I have never in my life wanted so badly to flip to the back of a book and read the ending. I never do that, but I was majorly tempted here. Luckily, I listened to the audiobook, which prevented me from doing so. Otherwise, I might not have been so strong.
“Every great magic trick consists of three parts or acts. The first part is called “The Pledge”. The magician shows you something ordinary: a deck of cards, a bird or a man. He shows you this object. Perhaps he asks you to inspect it to see if it is indeed real, unaltered, normal. But of course… it probably isn’t. The second act is called “The Turn”. The magician takes the ordinary something and makes it do something extraordinary. Now you’re looking for the secret… but you won’t find it, because of course you’re not really looking. You don’t really want to know.
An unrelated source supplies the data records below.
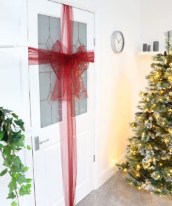 This organza fabric is perfect for making Valentines door bows. The Organza measures approximately 9M long and 40cm wide and has a sheer finish. Designed and manufactured exclusively for Christmas Concepts Ltd. Instructions – What You’ll Need: Scissors Safety Pins or Stapler What to Do: 1. First, you want to create the perfect bow. Create this separately so that you can attach the fully tied piece to the door at the end. 2.Next you want to use the rest of the organza and start by posting the end over the top of your door, making sure the organza hits the bottom of the door on the front, and then post the remaining underneath the door, outwards. 3.Bring the organza up from the floor to the middle of your door, where your bow will be going. Take BOTH ends of the organza and cross them over. Imagine your tying a present up with ribbon. At this point your organza should have an ‘+’ in the middle of your door. 4.The two ends will now wrap around the width of your door. The side with your door handle on, wrap that end around the door handle to hold it tight while you do the next bit. Take the opposite end and post it through the hinge to the back of the door. 5.Untie the end that’s on your door handle and grab the end that is poking through the hinge – pull it all through to the back of the door. 6. Close your door and then do a knot in the centre of the door to keep it all in place. Cut off any excess, leaving a little bit hanging just to make it look a bit nicer. 7. Lastly, get your big bow and attach with pins or you can use a stapler. Fluff and arrange until you are happy with the overall look.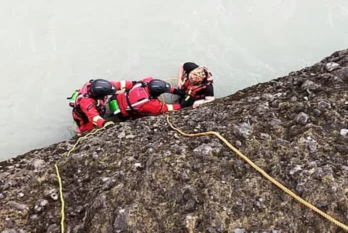 Maðurinn náði landi en háir klettar eru umhverfis ána á þessum slóðum og komst maðurinn ekki upp af sjálfdáðum.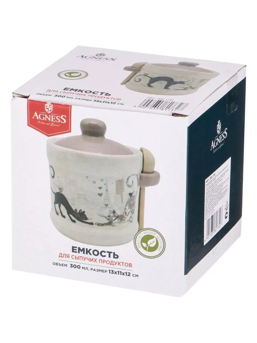 Сахарница парижские коты 13*11*12 см. 300 мл. С ложкой KSG-358-1732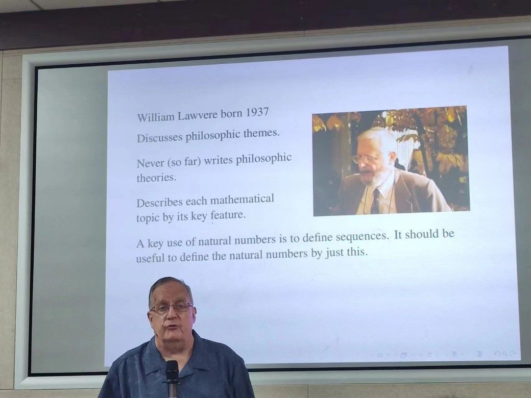 本网讯(通讯员时尚、杨新宇)7月4日—5日、8日—9日,Colin McLarty教授在振华楼B214分别作了四场“数学家的哲学思想选讲”的系列讲座。McLarty教授是美国凯斯西储大学的Truman P.Handy哲学教授,是范畴论领域的领军人物,也是一位著名的数学哲学家和数学史学家。讲座采用线上线下混合形式, 通过网络平台向海内外观众直播。讲座先后由色情导航 程勇教授、谢凯博副研究员、陈波教授主持,色情导航 及数学与统计学院师生参加了线下讲座,每场讲座线上平均200余人次参与。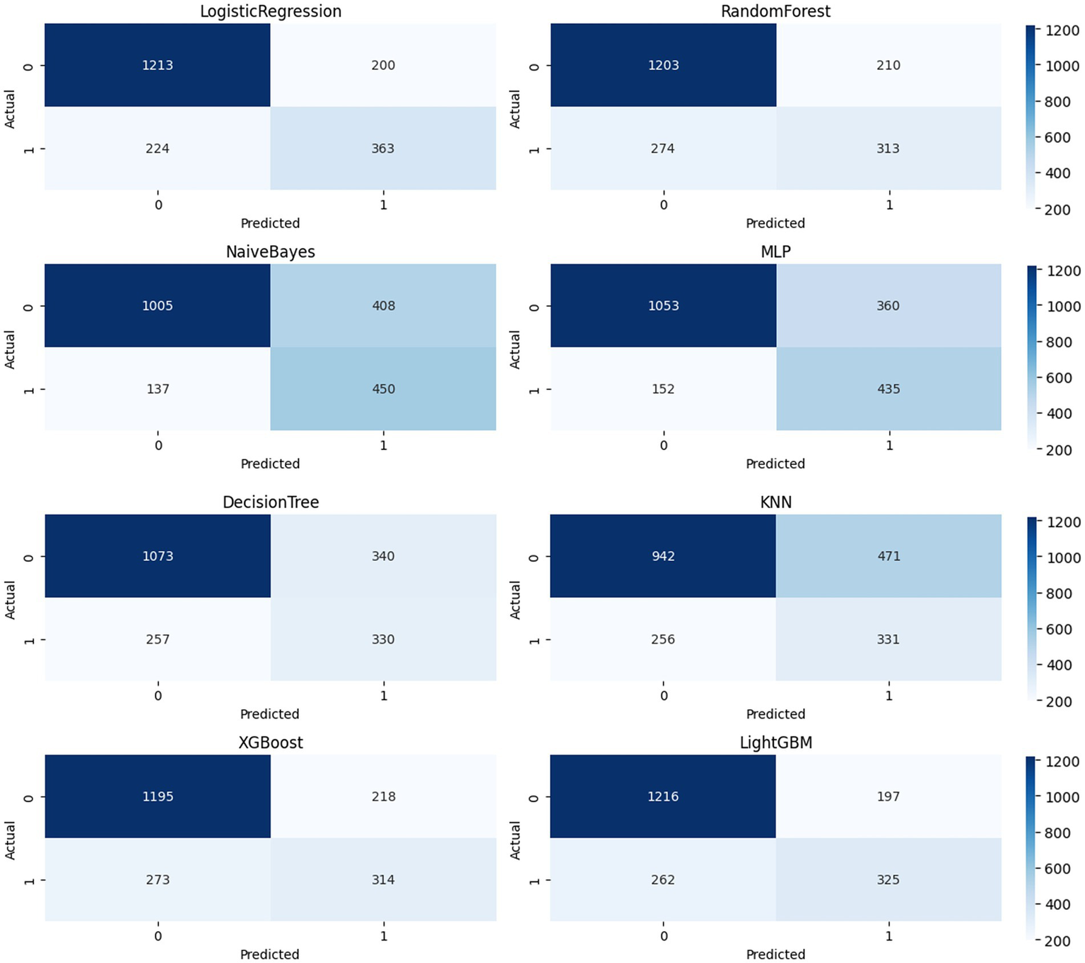 Eight confusion matrices for different algorithms: Logistic Regression, Random Forest, Naive Bayes, MLP, Decision Tree, KNN, XGBoost, and LightGBM. Each matrix shows true positives, true negatives, false positives, and false negatives, with a color gradient indicating frequency from dark to light blue.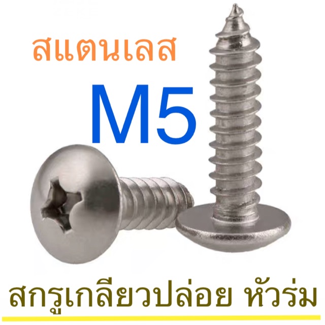 สกรูเกลียวปล่อย สแตนเลส หัว T หัวร่ม M5
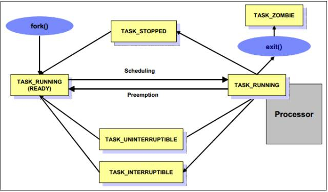 每一个进程都有其生命周期,例如创建、运行、终止和消除。这些阶段会在系统启动和运行中重复无数次。因此,进程的生命周期对于其性能的分析是非常重要的。下图展示了经典的进程生命周期。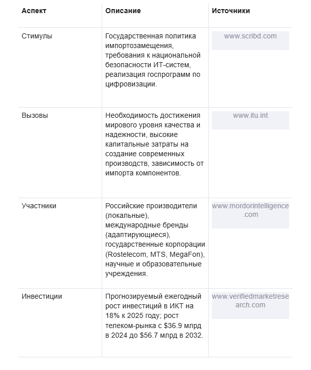 Таким образом, динамика локализации производства на российском рынке СКС — это сложный, многогранный процесс, находящийся на стадии активного развития. Он движим как внешними силами (санкции, геополитика), так и внутренними (потребность в технологическом суверенитете, государственная поддержка). На период до 2030 года можно ожидать дальнейшего усиления роли локальных производителей, особенно в массовых и государственных сегментах, в то время как международные бренды сохранят свое влияние в высокотехнологичных нишах. Успех будет зависеть от способности всех участников рынка адаптироваться, инвестировать в качество и инновации, а также от продолжения государственной поддержки этого стратегически важного направления.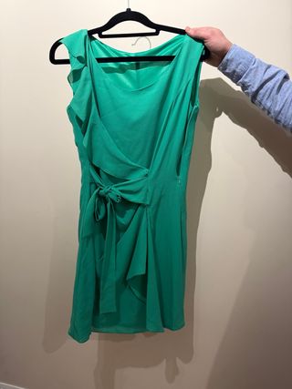 Vestido de fiesta elegante en color verde. - Diseño cruzado con lazada. - Detalle de volantes. - Cremallera lateral.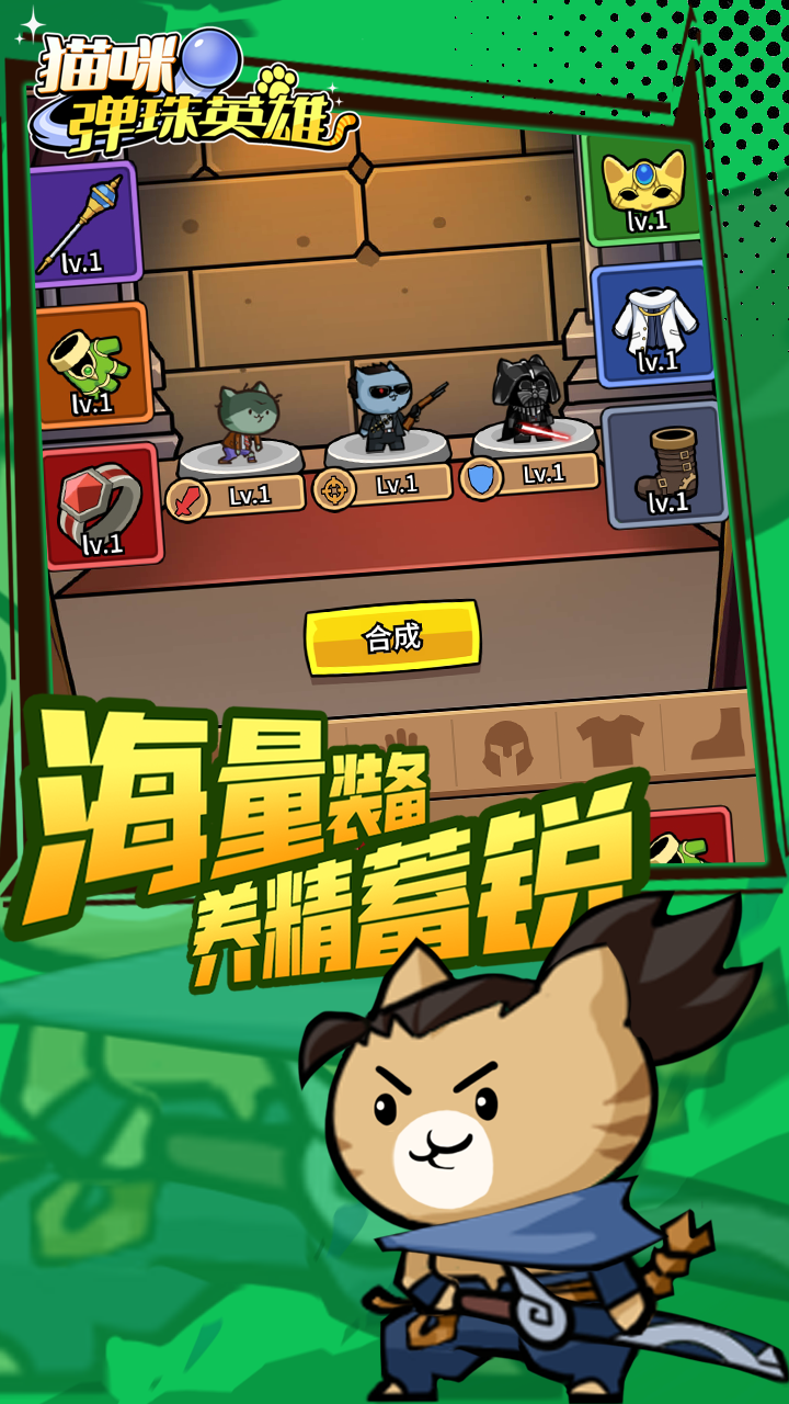 《猫咪弹珠英雄》是一款结合了多兵种即时战斗和弹珠台玩法的猫咪题材休闲游戏,猫咪可以自动排兵布阵、进行攻击,玩家只需动手发射弹珠,感受大量弹珠在屏幕中弹跳震动的快感,赢得大量分数来召唤更多猫咪英雄。>> 游戏核心玩法 <<--猫咪英雄将面临训练有素的鼠鼠敌人,稍有不慎便会全军覆没,玩家们需要运用运气与实力,战胜狡猾的鼠鼠--击败鼠鼠收集弹珠,在弹珠台玩法中发射弹珠肆意碰撞,激发不同效果,赚取更多召唤分数或获得强大的能力卡牌--从幽静的密林到热闹的村庄,再到炽热的沙漠,猫咪与鼠鼠之间的战争将持续到天涯海角,永不停歇>> 游戏特色 <<--三大兵种随意搭配,猫咪英雄独特的专属技能将组合产生多种变化--创意满满的呆萌猫咪,每只猫咪英雄都拥有特点鲜明的形象设计和战斗方式--开局获得猫咪,逐步养成升级,通过天赋和装备的助力,一路轻松闯关,获得丰厚奖励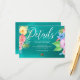 Wedding accommodation and directions calligraphy script details card in aqua blue shades with semi-transparent water like accents, a starfish and colourful Hawaiian style floral bouquets. Perfect for a modern summer aloha beach, seaside, oceanfront, coastal, tropical, nautical or destination themed wedding.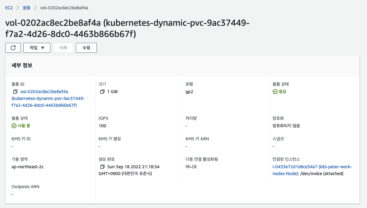 ㅇ 제약사항으로 AWS에는 gp3로 타임이 변경되었지만 쿠버네티스에서는 gp2이다.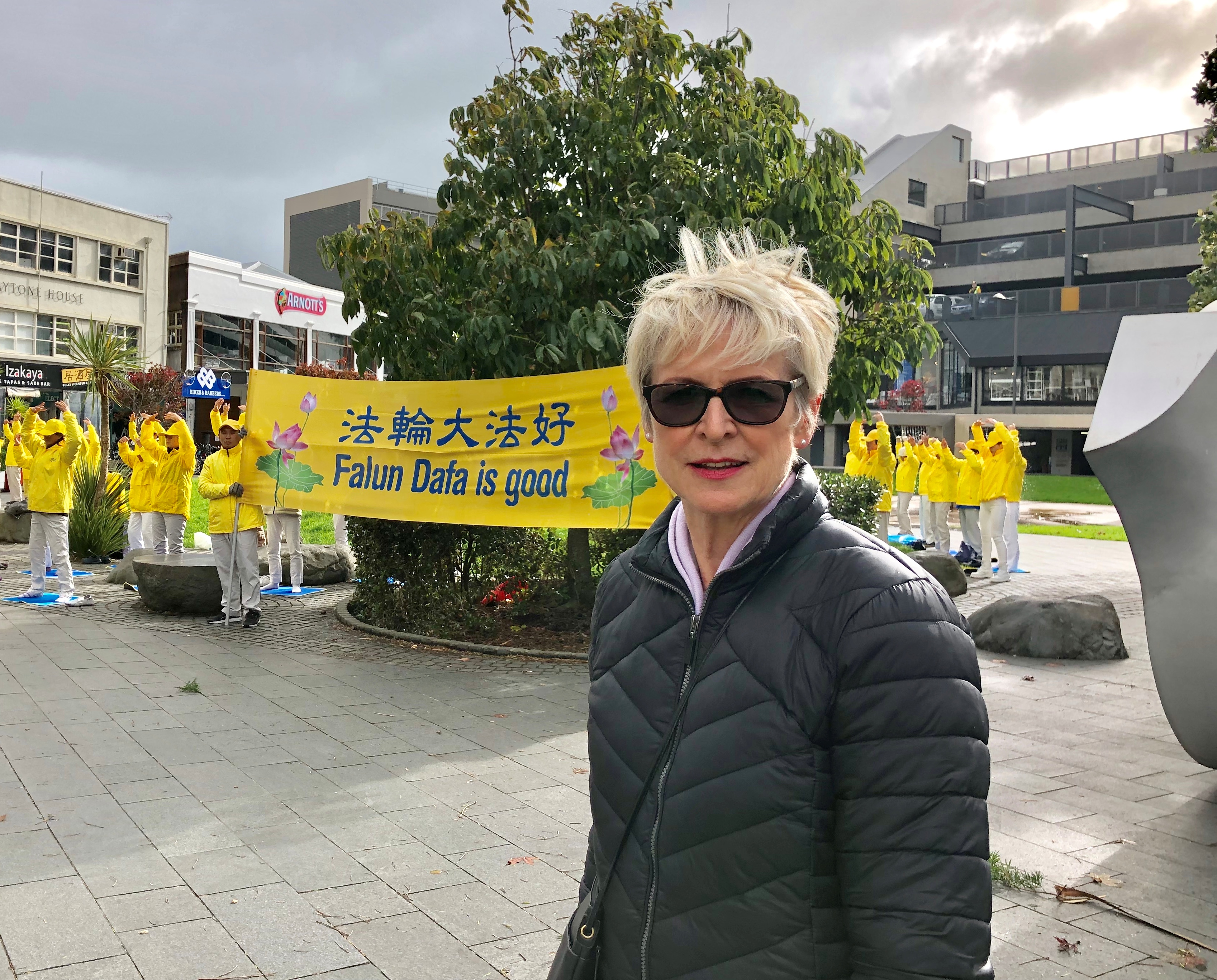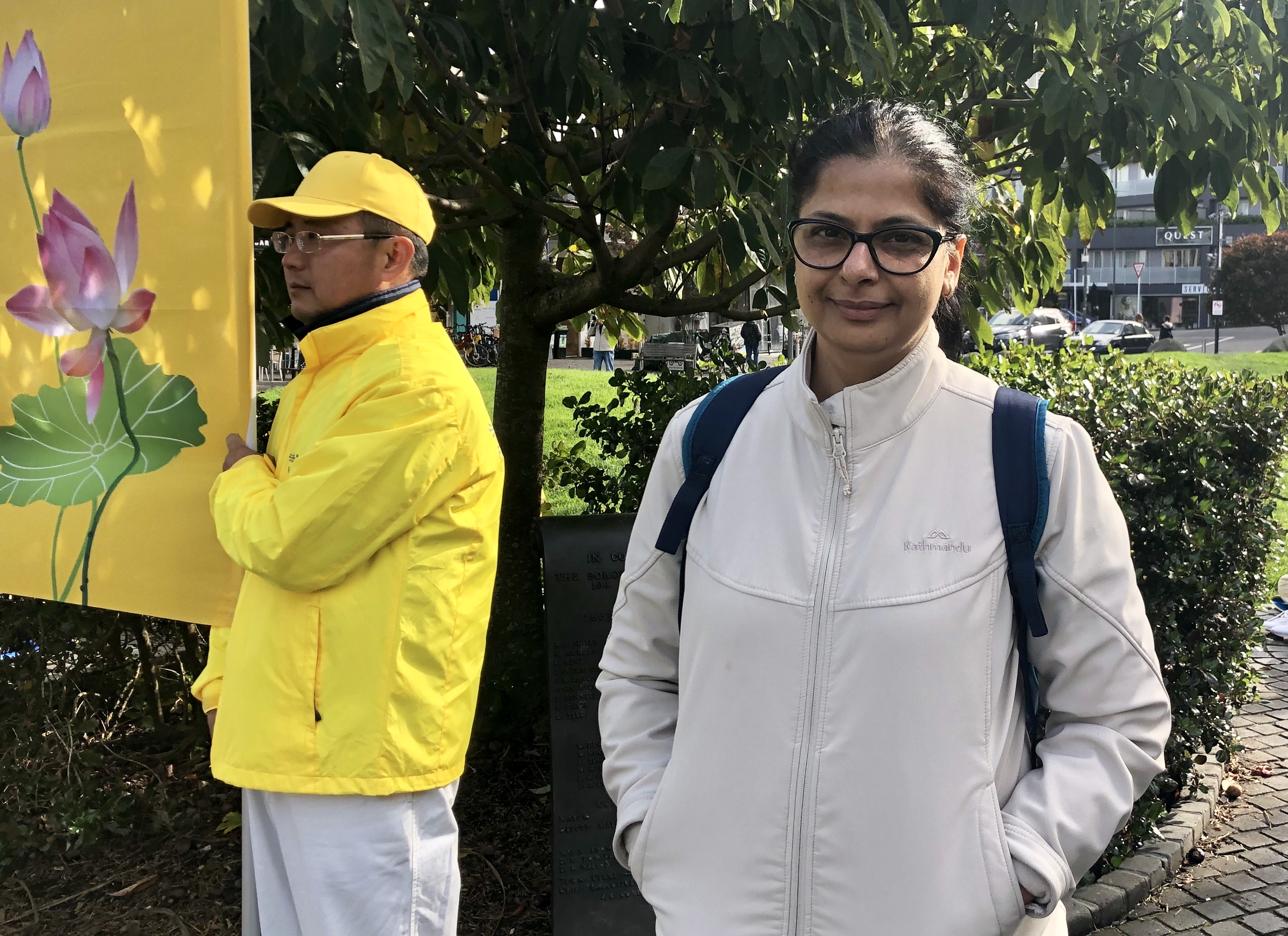 埃尔帕·米娜(Alpa Minar)在银行工作,移民来新西兰十七年,从发资料的学员那里听说了在中国发生的活摘法轮功学员器官的事。她说,如果你们没有站出来,没有人会知道这些事,但是我个人有听说过在中国发生的这些事。今天很高兴,看见法轮功学员们在这里,让公众来关注在中国发生的事。他们打坐炼功,这是非常和平,理性的。以前我有时会路过,见到他们站在那里和平呼吁,现在我拿到资料了,我会好好了解真相。

You want to be fooled. But you wouldn’t clap yet. Because making something disappear isn’t enough; you have to bring it back. That’s why every magic trick has a third act, the hardest part, the part we call “The Prestige”.”
Framed by two modern-day characters discussing the story, The Prestige focuses on two feuding magicians around the beginning of the 19th century in London. Alfred Bordon has become famous for a trick in which he transports himself instantly from one location to another. Furious with jealousy (and spurned on by previous fights with Bordon), Rupert Angier vows to find out how Bordon performs the trick.
The audience discovers pretty early what the secret is, but you also quickly find out that you really can’t trust anything written by either magician. The first part of the story comes from a book Bordon wrote, which he never intended to publish, but he still crafts things in a way to only reveal what he wants to reveal. Very much like a stage show. Angier’s story comes from his journal, which he self-edits and abandons at times, making it untrustworthy as well.
A very compelling story, for sure, and I loved the world the characters inhabited. Stage shows, rivaling magicians, seances, sabotage; it’s incredible. Hell, even Nikola Tesla makes an appearance. How can you go wrong with that?